- **ABOUT THIS TASK**
Copy the records that follow exactly as written, but not their pictures.

Entries taken from a collection
:::::
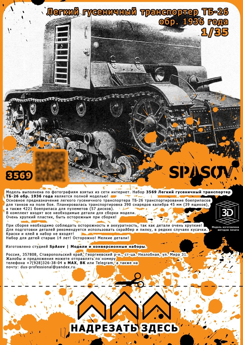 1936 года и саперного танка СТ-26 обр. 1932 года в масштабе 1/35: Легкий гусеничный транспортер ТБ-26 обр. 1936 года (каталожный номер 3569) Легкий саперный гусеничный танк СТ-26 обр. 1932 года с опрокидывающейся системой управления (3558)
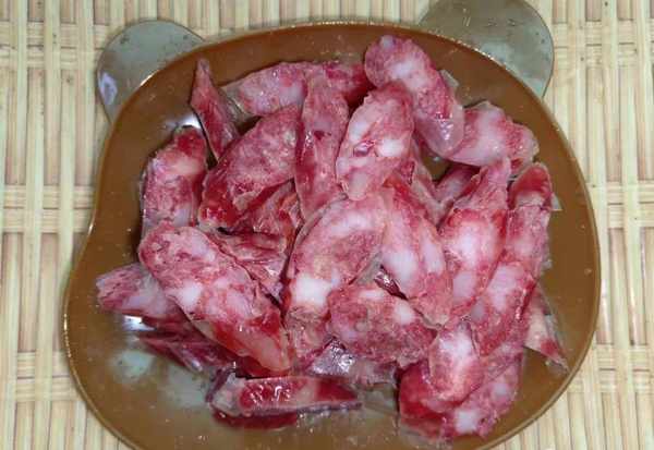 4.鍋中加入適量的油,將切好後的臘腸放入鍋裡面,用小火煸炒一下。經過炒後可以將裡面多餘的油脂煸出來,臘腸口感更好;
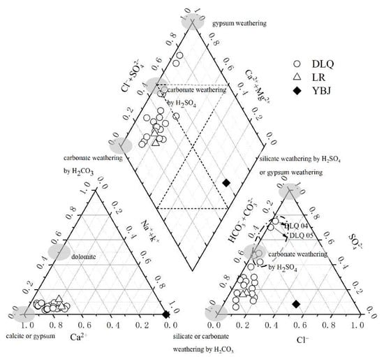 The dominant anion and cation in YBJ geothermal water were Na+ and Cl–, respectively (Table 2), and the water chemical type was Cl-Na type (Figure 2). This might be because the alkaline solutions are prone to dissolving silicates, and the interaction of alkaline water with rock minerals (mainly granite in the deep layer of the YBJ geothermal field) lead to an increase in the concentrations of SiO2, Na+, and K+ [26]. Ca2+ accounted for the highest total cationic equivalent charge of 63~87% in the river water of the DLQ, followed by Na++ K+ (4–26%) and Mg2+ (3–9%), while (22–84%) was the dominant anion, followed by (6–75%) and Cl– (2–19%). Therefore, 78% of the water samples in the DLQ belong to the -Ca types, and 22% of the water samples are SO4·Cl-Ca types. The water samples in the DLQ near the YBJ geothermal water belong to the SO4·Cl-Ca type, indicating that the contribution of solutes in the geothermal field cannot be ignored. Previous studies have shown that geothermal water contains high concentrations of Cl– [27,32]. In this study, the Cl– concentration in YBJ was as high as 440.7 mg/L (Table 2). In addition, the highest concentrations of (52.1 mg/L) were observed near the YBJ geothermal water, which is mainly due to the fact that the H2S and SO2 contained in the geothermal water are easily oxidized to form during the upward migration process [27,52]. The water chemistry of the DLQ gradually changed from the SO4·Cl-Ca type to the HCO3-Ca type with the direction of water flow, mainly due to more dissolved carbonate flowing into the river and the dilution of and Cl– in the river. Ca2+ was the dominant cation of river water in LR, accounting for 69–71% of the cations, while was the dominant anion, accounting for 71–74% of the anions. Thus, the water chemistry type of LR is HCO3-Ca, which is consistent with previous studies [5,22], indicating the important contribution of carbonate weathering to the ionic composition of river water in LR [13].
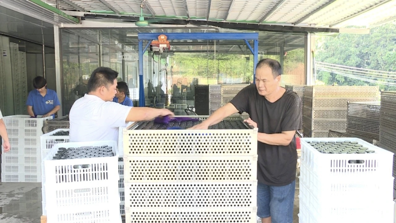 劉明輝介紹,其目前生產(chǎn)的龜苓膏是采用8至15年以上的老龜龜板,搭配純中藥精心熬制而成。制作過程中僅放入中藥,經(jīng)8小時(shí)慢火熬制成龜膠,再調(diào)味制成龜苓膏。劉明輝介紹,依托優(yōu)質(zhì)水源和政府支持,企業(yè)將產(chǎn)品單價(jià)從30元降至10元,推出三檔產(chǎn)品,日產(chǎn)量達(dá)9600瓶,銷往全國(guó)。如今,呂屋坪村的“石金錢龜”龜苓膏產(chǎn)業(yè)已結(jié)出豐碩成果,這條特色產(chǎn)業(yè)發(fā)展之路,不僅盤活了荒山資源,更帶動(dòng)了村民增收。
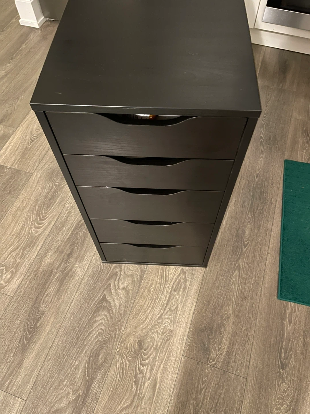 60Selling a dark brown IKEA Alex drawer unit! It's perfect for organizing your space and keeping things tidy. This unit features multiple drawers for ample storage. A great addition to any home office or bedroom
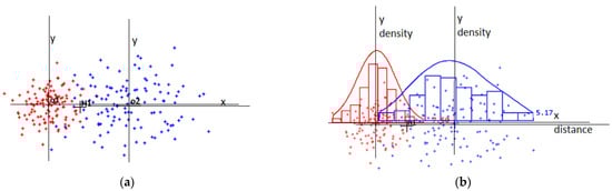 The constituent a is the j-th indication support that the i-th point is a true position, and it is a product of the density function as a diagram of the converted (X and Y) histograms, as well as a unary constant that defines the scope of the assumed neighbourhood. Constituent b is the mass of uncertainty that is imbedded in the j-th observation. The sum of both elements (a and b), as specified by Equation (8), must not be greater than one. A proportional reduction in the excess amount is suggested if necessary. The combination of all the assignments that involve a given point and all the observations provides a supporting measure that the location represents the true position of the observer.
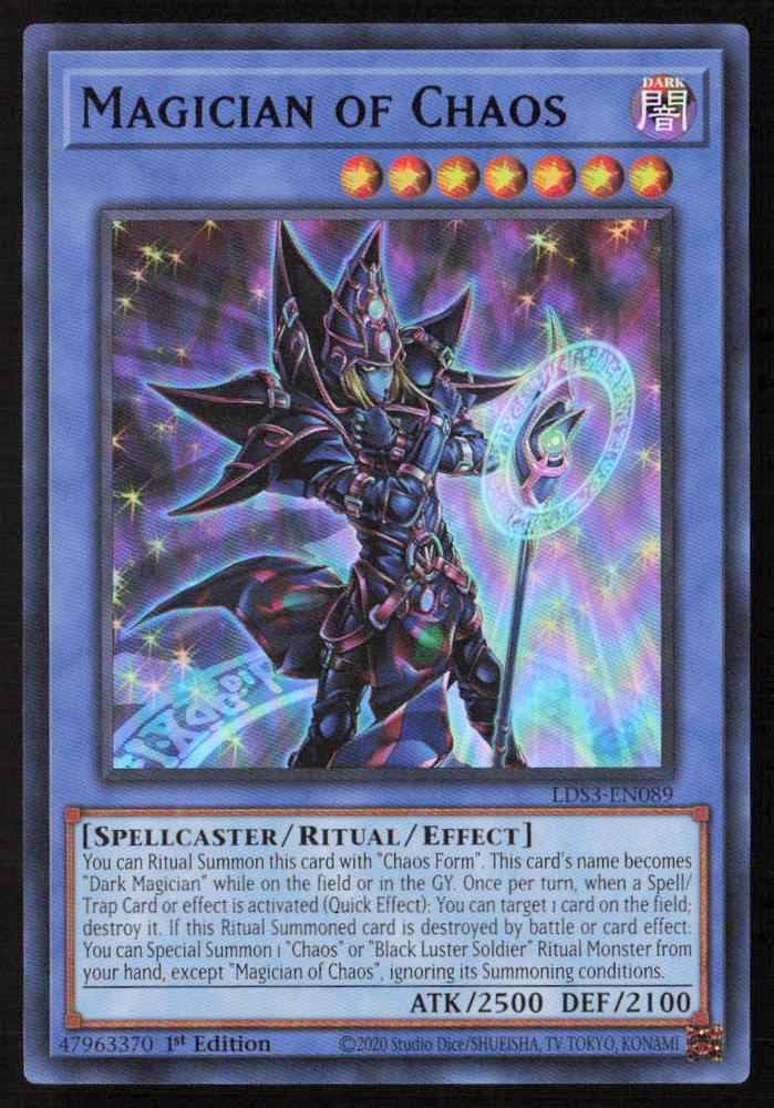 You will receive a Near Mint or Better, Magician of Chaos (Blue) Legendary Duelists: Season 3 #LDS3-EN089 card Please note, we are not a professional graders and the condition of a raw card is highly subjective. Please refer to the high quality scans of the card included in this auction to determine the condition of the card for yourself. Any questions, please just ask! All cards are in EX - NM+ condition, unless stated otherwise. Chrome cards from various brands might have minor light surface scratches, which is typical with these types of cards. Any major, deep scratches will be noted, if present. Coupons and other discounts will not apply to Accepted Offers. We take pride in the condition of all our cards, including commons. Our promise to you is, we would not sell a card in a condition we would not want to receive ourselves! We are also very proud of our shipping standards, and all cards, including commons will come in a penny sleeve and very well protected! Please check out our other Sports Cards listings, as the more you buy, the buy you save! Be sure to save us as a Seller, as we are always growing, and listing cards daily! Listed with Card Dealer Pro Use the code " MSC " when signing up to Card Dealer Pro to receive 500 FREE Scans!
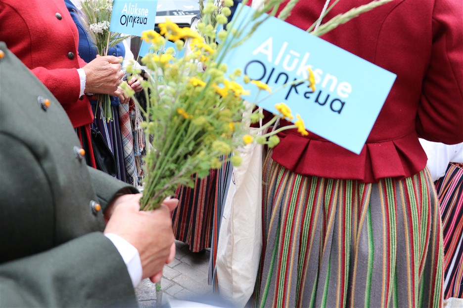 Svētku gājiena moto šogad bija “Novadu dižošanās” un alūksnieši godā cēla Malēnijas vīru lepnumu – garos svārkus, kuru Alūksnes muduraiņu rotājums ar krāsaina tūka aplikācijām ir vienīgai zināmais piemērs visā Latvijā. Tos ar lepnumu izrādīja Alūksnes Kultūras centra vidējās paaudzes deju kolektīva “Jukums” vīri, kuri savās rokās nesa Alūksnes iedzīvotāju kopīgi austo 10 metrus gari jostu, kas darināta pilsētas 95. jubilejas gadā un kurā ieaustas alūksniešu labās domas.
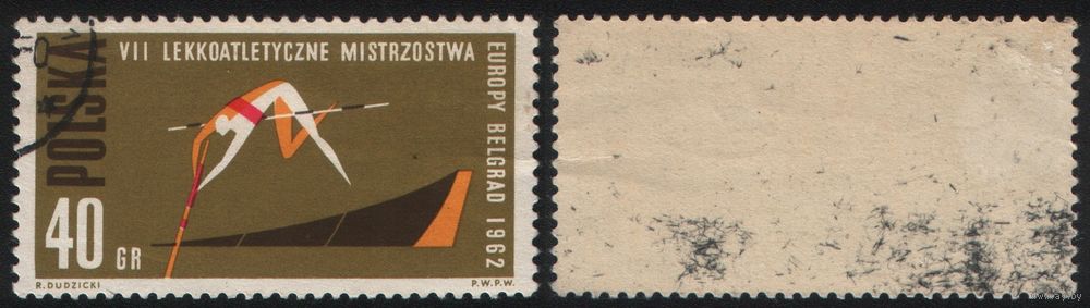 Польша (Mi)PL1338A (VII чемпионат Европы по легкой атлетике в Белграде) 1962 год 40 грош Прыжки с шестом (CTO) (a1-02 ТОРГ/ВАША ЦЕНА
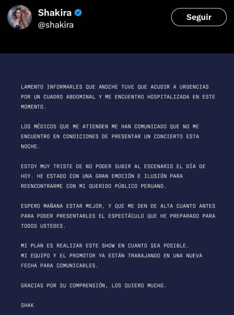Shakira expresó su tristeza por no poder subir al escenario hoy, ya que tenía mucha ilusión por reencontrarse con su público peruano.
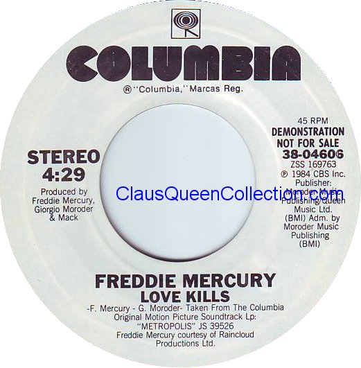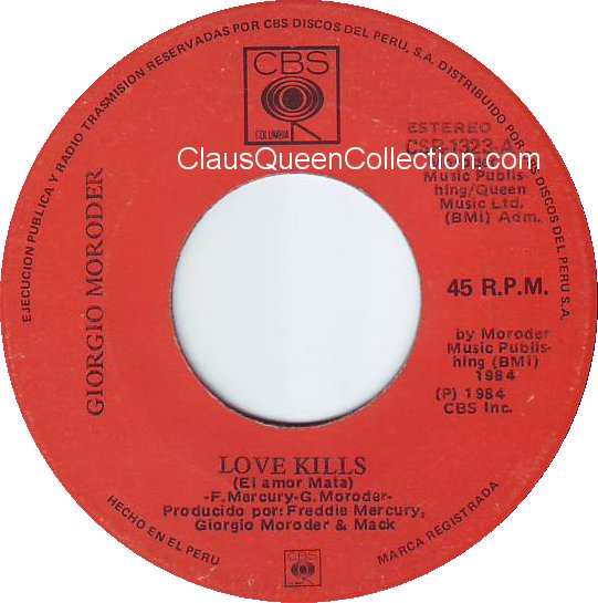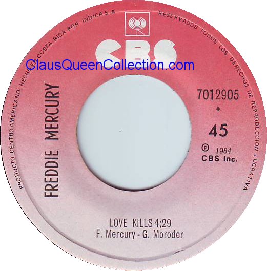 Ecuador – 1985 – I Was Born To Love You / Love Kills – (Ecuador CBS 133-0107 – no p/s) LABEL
:::::
- **RESPONSE BELOW**
 1936 года и саперного танка СТ-26 обр. 1932 года в масштабе 1/35: Легкий гусеничный транспортер ТБ-26 обр. 1936 года (каталожный номер 3569) Легкий саперный гусеничный танк СТ-26 обр. 1932 года с опрокидывающейся системой управления (3558)
 4.鍋中加入適量的油,將切好後的臘腸放入鍋裡面,用小火煸炒一下。經過炒後可以將裡面多餘的油脂煸出來,臘腸口感更好;
 The dominant anion and cation in YBJ geothermal water were Na+ and Cl–, respectively (Table 2), and the water chemical type was Cl-Na type (Figure 2). This might be because the alkaline solutions are prone to dissolving silicates, and the interaction of alkaline water with rock minerals (mainly granite in the deep layer of the YBJ geothermal field) lead to an increase in the concentrations of SiO2, Na+, and K+ [26]. Ca2+ accounted for the highest total cationic equivalent charge of 63~87% in the river water of the DLQ, followed by Na++ K+ (4–26%) and Mg2+ (3–9%), while (22–84%) was the dominant anion, followed by (6–75%) and Cl– (2–19%). Therefore, 78% of the water samples in the DLQ belong to the -Ca types, and 22% of the water samples are SO4·Cl-Ca types. The water samples in the DLQ near the YBJ geothermal water belong to the SO4·Cl-Ca type, indicating that the contribution of solutes in the geothermal field cannot be ignored. Previous studies have shown that geothermal water contains high concentrations of Cl– [27,32]. In this study, the Cl– concentration in YBJ was as high as 440.7 mg/L (Table 2). In addition, the highest concentrations of (52.1 mg/L) were observed near the YBJ geothermal water, which is mainly due to the fact that the H2S and SO2 contained in the geothermal water are easily oxidized to form during the upward migration process [27,52]. The water chemistry of the DLQ gradually changed from the SO4·Cl-Ca type to the HCO3-Ca type with the direction of water flow, mainly due to more dissolved carbonate flowing into the river and the dilution of and Cl– in the river. Ca2+ was the dominant cation of river water in LR, accounting for 69–71% of the cations, while was the dominant anion, accounting for 71–74% of the anions. Thus, the water chemistry type of LR is HCO3-Ca, which is consistent with previous studies [5,22], indicating the important contribution of carbonate weathering to the ionic composition of river water in LR [13].
 劉明輝介紹,其目前生產(chǎn)的龜苓膏是采用8至15年以上的老龜龜板,搭配純中藥精心熬制而成。制作過程中僅放入中藥,經(jīng)8小時(shí)慢火熬制成龜膠,再調(diào)味制成龜苓膏。劉明輝介紹,依托優(yōu)質(zhì)水源和政府支持,企業(yè)將產(chǎn)品單價(jià)從30元降至10元,推出三檔產(chǎn)品,日產(chǎn)量達(dá)9600瓶,銷往全國(guó)。如今,呂屋坪村的“石金錢龜”龜苓膏產(chǎn)業(yè)已結(jié)出豐碩成果,這條特色產(chǎn)業(yè)發(fā)展之路,不僅盤活了荒山資源,更帶動(dòng)了村民增收。
 60Selling a dark brown IKEA Alex drawer unit! It's perfect for organizing your space and keeping things tidy. This unit features multiple drawers for ample storage. A great addition to any home office or bedroom
 The constituent a is the j-th indication support that the i-th point is a true position, and it is a product of the density function as a diagram of the converted (X and Y) histograms, as well as a unary constant that defines the scope of the assumed neighbourhood. Constituent b is the mass of uncertainty that is imbedded in the j-th observation. The sum of both elements (a and b), as specified by Equation (8), must not be greater than one. A proportional reduction in the excess amount is suggested if necessary. The combination of all the assignments that involve a given point and all the observations provides a supporting measure that the location represents the true position of the observer.
 You will receive a Near Mint or Better, Magician of Chaos (Blue) Legendary Duelists: Season 3 #LDS3-EN089 card Please note, we are not a professional graders and the condition of a raw card is highly subjective. Please refer to the high quality scans of the card included in this auction to determine the condition of the card for yourself. Any questions, please just ask! All cards are in EX - NM+ condition, unless stated otherwise. Chrome cards from various brands might have minor light surface scratches, which is typical with these types of cards. Any major, deep scratches will be noted, if present. Coupons and other discounts will not apply to Accepted Offers. We take pride in the condition of all our cards, including commons. Our promise to you is, we would not sell a card in a condition we would not want to receive ourselves! We are also very proud of our shipping standards, and all cards, including commons will come in a penny sleeve and very well protected! Please check out our other Sports Cards listings, as the more you buy, the buy you save! Be sure to save us as a Seller, as we are always growing, and listing cards daily! Listed with Card Dealer Pro Use the code " MSC " when signing up to Card Dealer Pro to receive 500 FREE Scans!
 Svētku gājiena moto šogad bija “Novadu dižošanās” un alūksnieši godā cēla Malēnijas vīru lepnumu – garos svārkus, kuru Alūksnes muduraiņu rotājums ar krāsaina tūka aplikācijām ir vienīgai zināmais piemērs visā Latvijā. Tos ar lepnumu izrādīja Alūksnes Kultūras centra vidējās paaudzes deju kolektīva “Jukums” vīri, kuri savās rokās nesa Alūksnes iedzīvotāju kopīgi austo 10 metrus gari jostu, kas darināta pilsētas 95. jubilejas gadā un kurā ieaustas alūksniešu labās domas.
 Польша (Mi)PL1338A (VII чемпионат Европы по легкой атлетике в Белграде) 1962 год 40 грош Прыжки с шестом (CTO) (a1-02 ТОРГ/ВАША ЦЕНА
Shakira expresó su tristeza por no poder subir al escenario hoy, ya que tenía mucha ilusión por reencontrarse con su público peruano.
 Ecuador – 1985 – I Was Born To Love You / Love Kills – (Ecuador CBS 133-0107 – no p/s) LABEL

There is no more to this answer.